The amplitudes of the immediate increases in fluorescence yields and the amplitudes and half-times (t1/2) of the noninstantaneous and nonlinear increases in variable fluorescence after the addition of KCN were similar in strains that lacked one or more of the ndb genes as compared to the control strain, even though they were found to vary significantly from culture to culture (Table 4). Therefore, the net flow of electrons into the PQ pool is essentially independent of the presence of NDH-2s. The level of the Fmax varied from culture to culture; however, the Fmax of any of the Ndb-less strains was not significantly different from that of the parental strain (Table 4).

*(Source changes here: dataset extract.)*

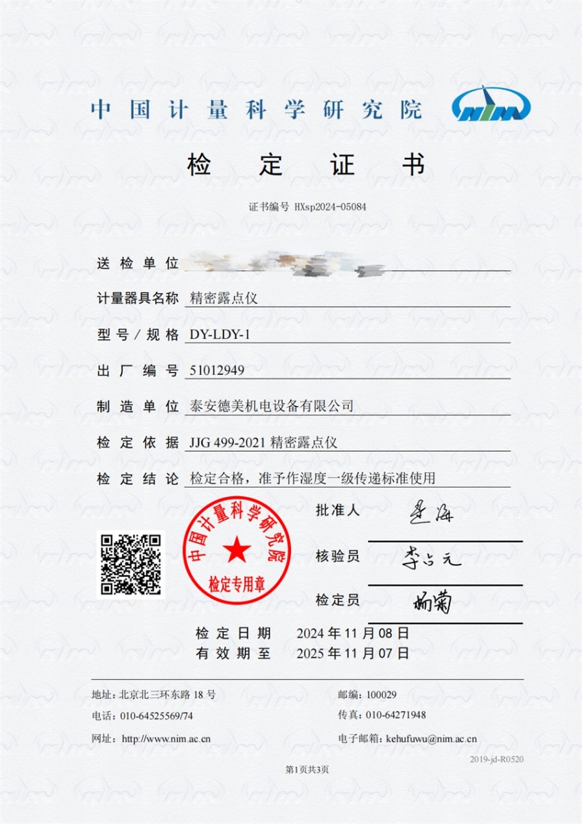 冷鏡式露點儀檢定證書 2024-11-21 本文被閱讀 7681 次
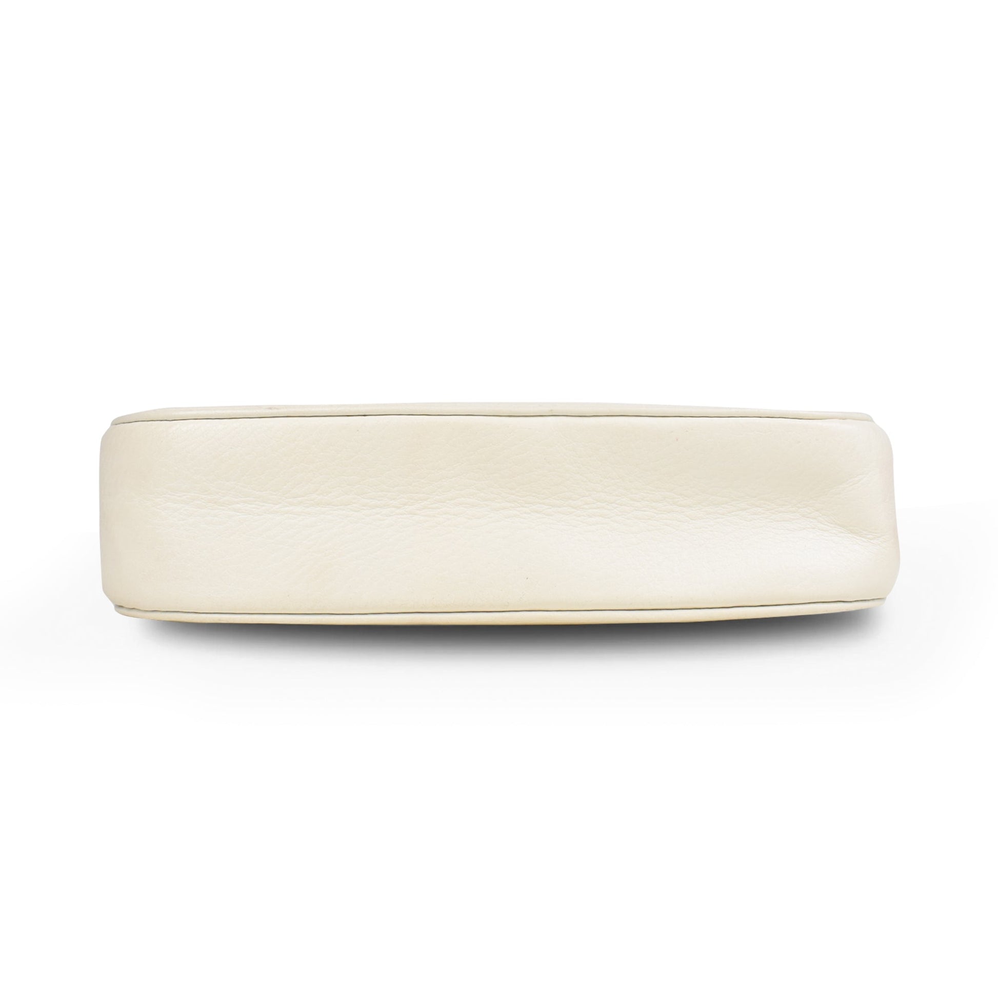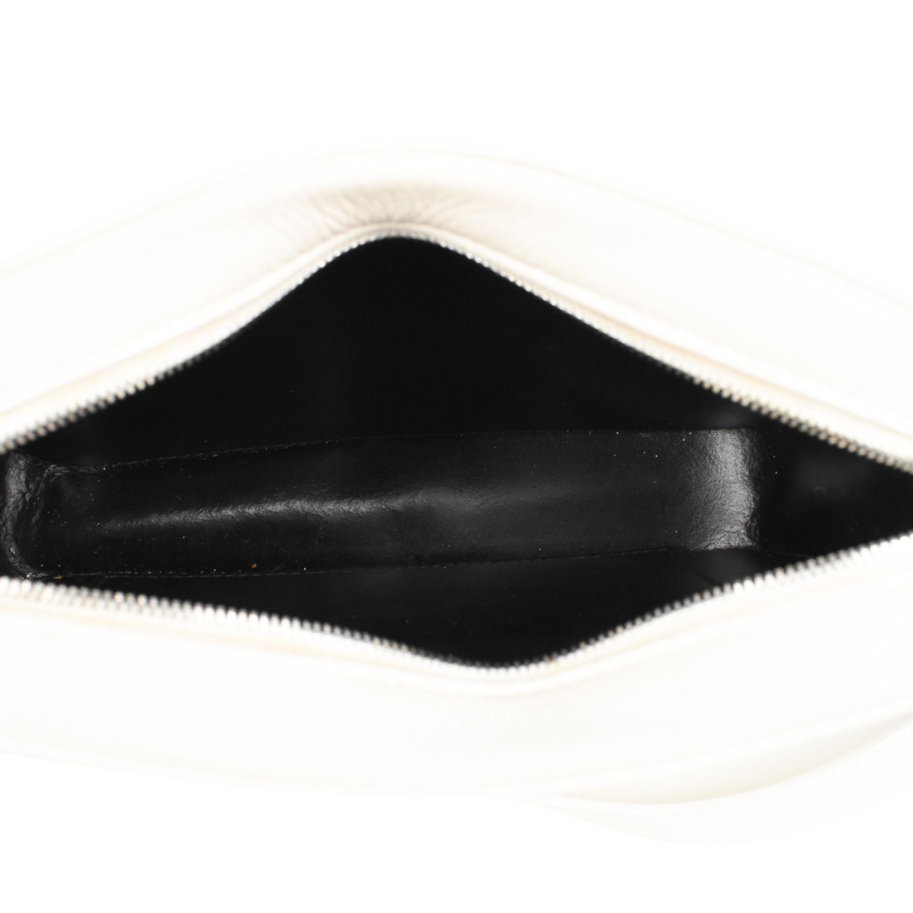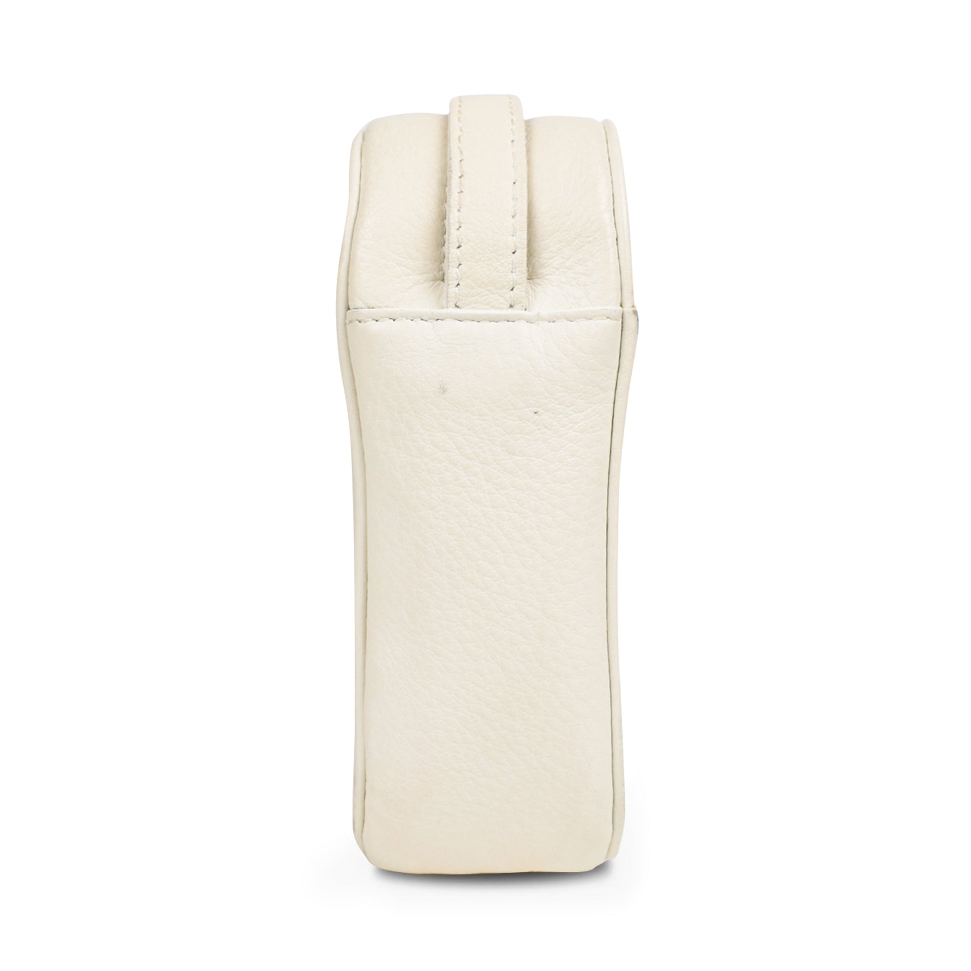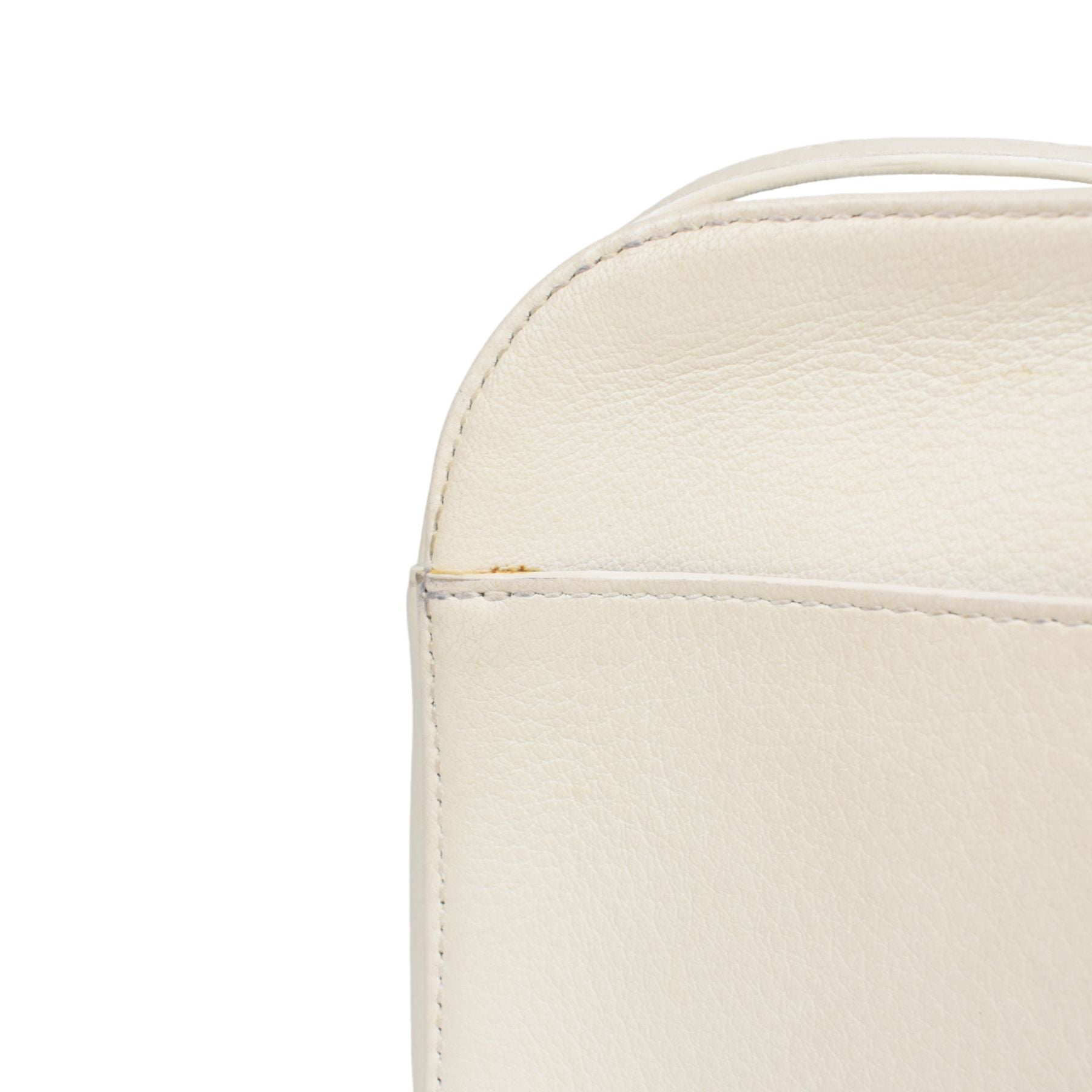 Balenciaga 'Everyday' camera crossbody bag in white leather with black logo on the front and slip pocket on the back. Features a long adjustable strap with silver hardware and zip closure. The interior is black leather lined with a slip pocket.

In the Δndb strains with multiple ndb genes deleted, the t1/2 of the decay of chlorophyll fluorescence after the actinic light was turned off was somewhat faster than in the control strain, which suggests a small role for the NDH-2s in electron transfer into the PQ pool, but this effect seems to be too small to be physiologically relevant (Table 4).

TABLE 4.

Characteristics of variable fluorescence (QA reduction and QA reoxidation) of PS I-less strains measured in darkness in the presence of KCNa

Genotype of strain A (KCN) (AU) A (increase) (AU) t1/2 (increase) (s) Fmax (AU) t1/2 (decay) (s)
Parent 0.39 ± 0.17 0.29 ± 0.12 35.3 ± 7.0 4.2 ± 1.0 2.5 ± 0.5
ΔndbA 0.44 ± 0.23 0.36 ± 0.20 44.3 ± 17.3 4.3 ± 1.0 2.3 ± 0.3
ΔndbB 0.38 ± 0.16 0.39 ± 0.17 44.8 ± 18.3 3.9 ± 0.7 1.8 ± 0.4
ΔndbC 0.30 ± 0.16 0.27 ± 0.06 33.7 ± 4.9 4.0 ± 1.1 2.1 ± 0.3
ΔndbA ΔndbB 0.29 ± 0.23 0.40 ± 0.28 41.4 ± 26.0 3.6 ± 1.0 1.4 ± 0.2
ΔndbA ΔndbC 0.28 ± 0.13 0.28 ± 0.23 39.8 ± 24.6 3.7 ± 1.2 1.8 ± 0.4
ΔndbB ΔndbC 0.20 ± 0.10 0.27 ± 0.12 41.6 ± 17.9 3.6 ± 1.1 1.7 ± 0.4
ΔndbA ΔndbB ΔndbC 0.31 ± 0.17 0.42 ± 0.37 42.0 ± 26.3 3.7 ± 1.2 1.7 ± 0.3
a

Values given are averages ± standard deviations from at least four determinations. Chlorophyll fluorescence of whole cells was measured in 10 mM HEPES–NaOH (pH 7.4) in the presence of 5 mM KCN. The amplitude of the immediate increase upon addition of KCN [A (KCN)], the amplitude and kinetics (t1/2) of the subsequent noninstantaneous and nonlinear increase in variable fluorescence [A (increase) and t1/2 (increase), respectively], the Fmax upon illumination with actinic light, and the t1/2 of decay after actinic illumination [t1/2 (decay)] are indicated. See Fig. 4 for an example of the experimental data from which these values were determined. AU, arbitrary units. 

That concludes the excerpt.